Users may submit a written appeal to contest enforcement actions within 30 days of becoming aware of the enforcement action, which will be reviewed by our Complaints team. To be a valid appeal, we require from the user raising the appeal an email to complaints@yoti.com including the below:

• A full legal name.
• an email or postal address that enables Yoti to contact the user. 
• Details of the nature of the appeal and reasons why the enforcement action is inappropriate.
• a statement confirming that the information and allegations contained in the appeal are full and accurate. 
• A signature or other method of evidencing the appeal is coming from the named legal person or their appointed representative.

If you feel that you cannot provide any of the above for any accessibility reasons, such as physical impairment or language barriers, please contact help@yoti.com for guidance.

The appeal will be reviewed in accordance with our Complaints Process.

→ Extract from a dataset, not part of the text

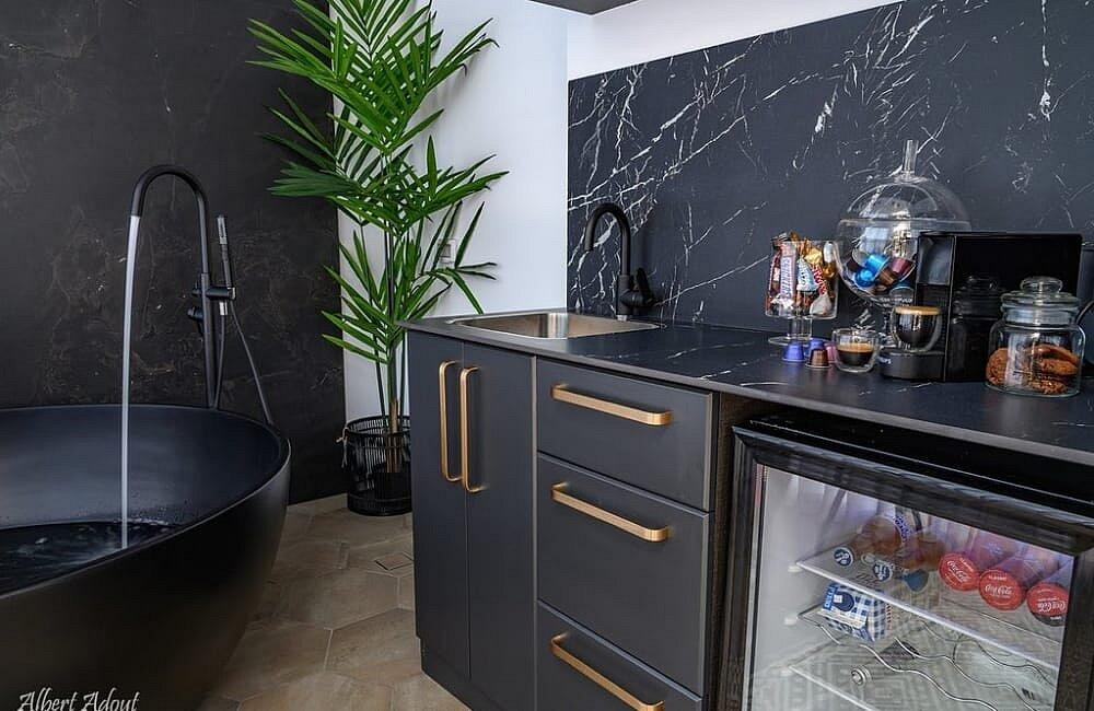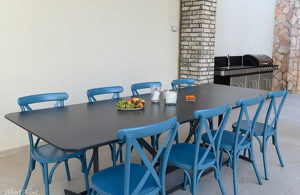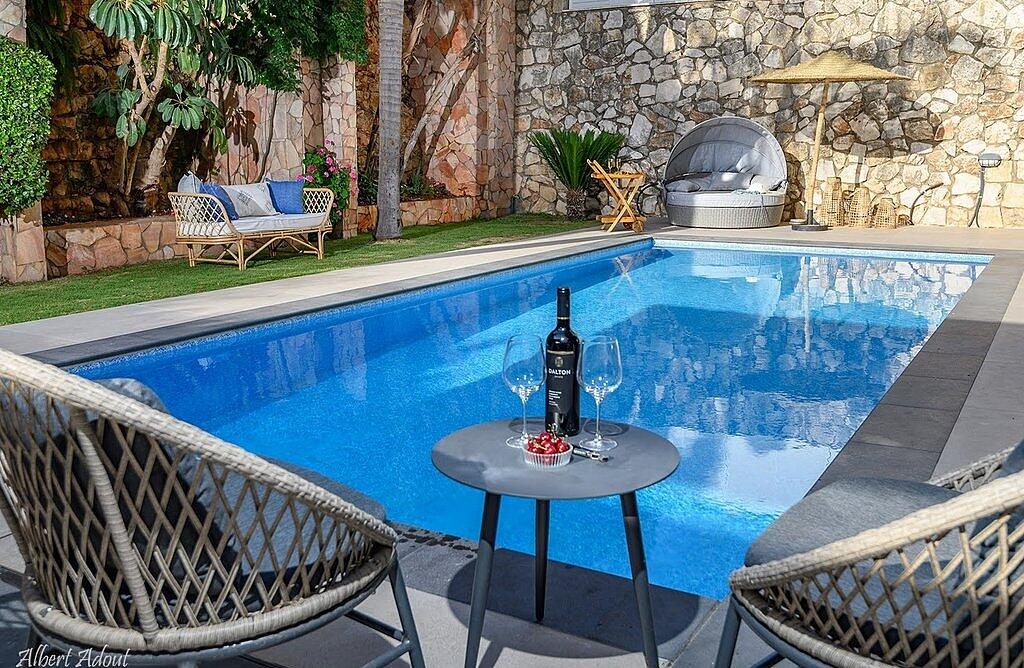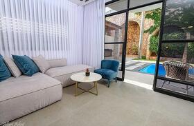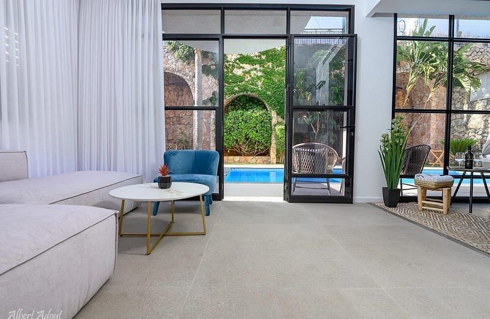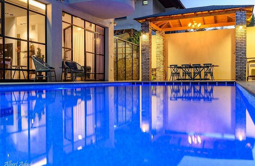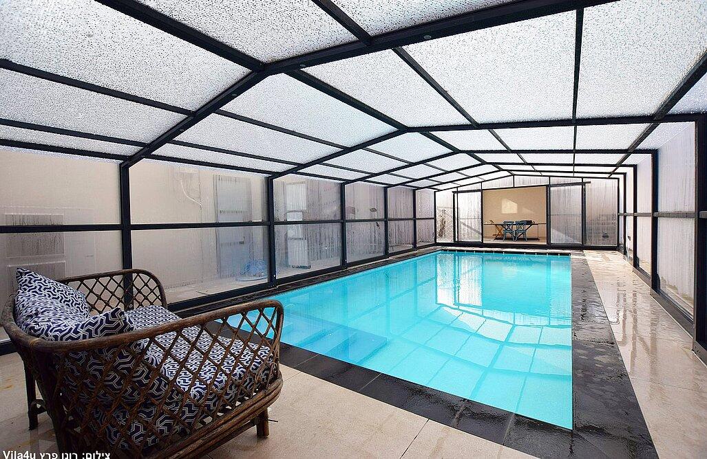 החצר המעוצבת והמטופחת כוללת את האטרקציה המרכזית – בריכה פרטית, מחוממת ומקורה בהתאם לעונה. אורחי הסוויטה יכולים להתחיל את היום בשחייה מרעננת ולסיים אותו ברחצה לילית בבריכה, עם תאורה קסומה. לצד הבריכה תמצאו פינות ישיבה נוחות, שולחן גינה, מטבח מאובזר ועמדת ברביקיו. דלת זכוכית גדולה מחברת בין הסלון של הסוויטה לבריכה, ומאפשרת לכם ליהנות מחוויית נופש אינטימית ומפנקת.

Where a user disagrees with the decision of the complaints team, unless restricted from doing so by applicable laws or regulations, the first form of resolution between users and Yoti is through an out of court arbitration scheme based in London, UK (or such alternative location as may be mandated  under an applicable law).

Investigations and actions relating to misuse shall be dealt with without undue delay and we will endeavour to provide a timeline of action depending on the circumstances. These timelines normally be adhered to unless justifiable difficulties determine otherwise and are communicated.

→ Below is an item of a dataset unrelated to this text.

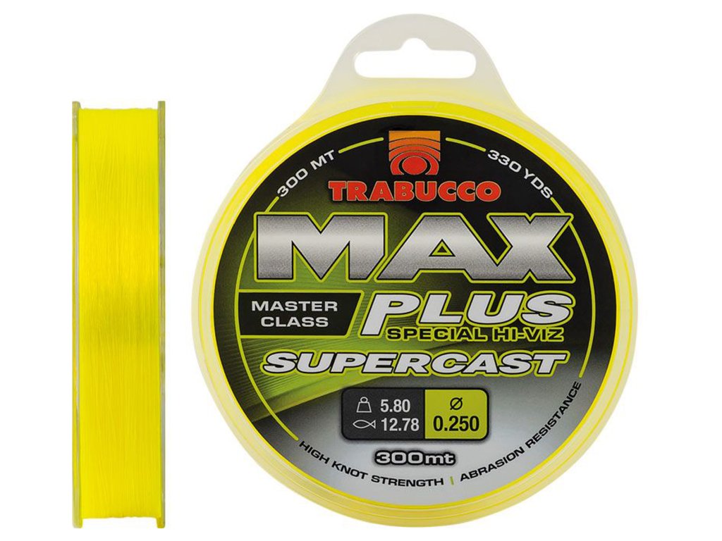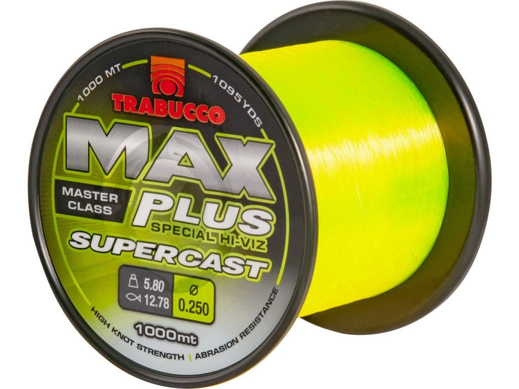 Vlasec Max Plus Supercast line byl speciálně navrhnut pro chytání na velkých vzdálenostech a to jak v sladkovodních tak slaných vodách. Jako každý vlasec Trabucco se vyznačuje vysokou pevností v uzlu a vysokou odolností proti oděru. Pro lepší orientaci je označených každých 250m.

Yoti records the number of accounts that have been suspended and reports those numbers to its Guardians Council and to its senior management team twice yearly through its Global Operations Manager. Where there are specific circumstances around a suspension that the Global Operations Manager believes  requires input from one or both of these bodies, that will be raised during these reviews.

We may choose to undertake an internal review of any suspended account based on receiving evidence of innocence from a user or third party outside of the appeal process. This and any action, is solely at Yoti’s discretion.

When enforcing this policy, we process personal data in accordance with our Privacy Notice and applicable data protection laws. Our lawful bases include:legal obligation and legitimate interests. Suspended users retain all data subject rights including the right to access data about their suspension, request correction of inaccurate information, and object to processing. Contact privacy@yoti.com to exercise your rights.

Yoti reserves the right to interpret and enforce this policy at its reasonable discretion exercised proportionately and in good faith, taking into account the severity of any breach, the user’s history, and all relevant circumstances, with final decisions resting with our General Counsel.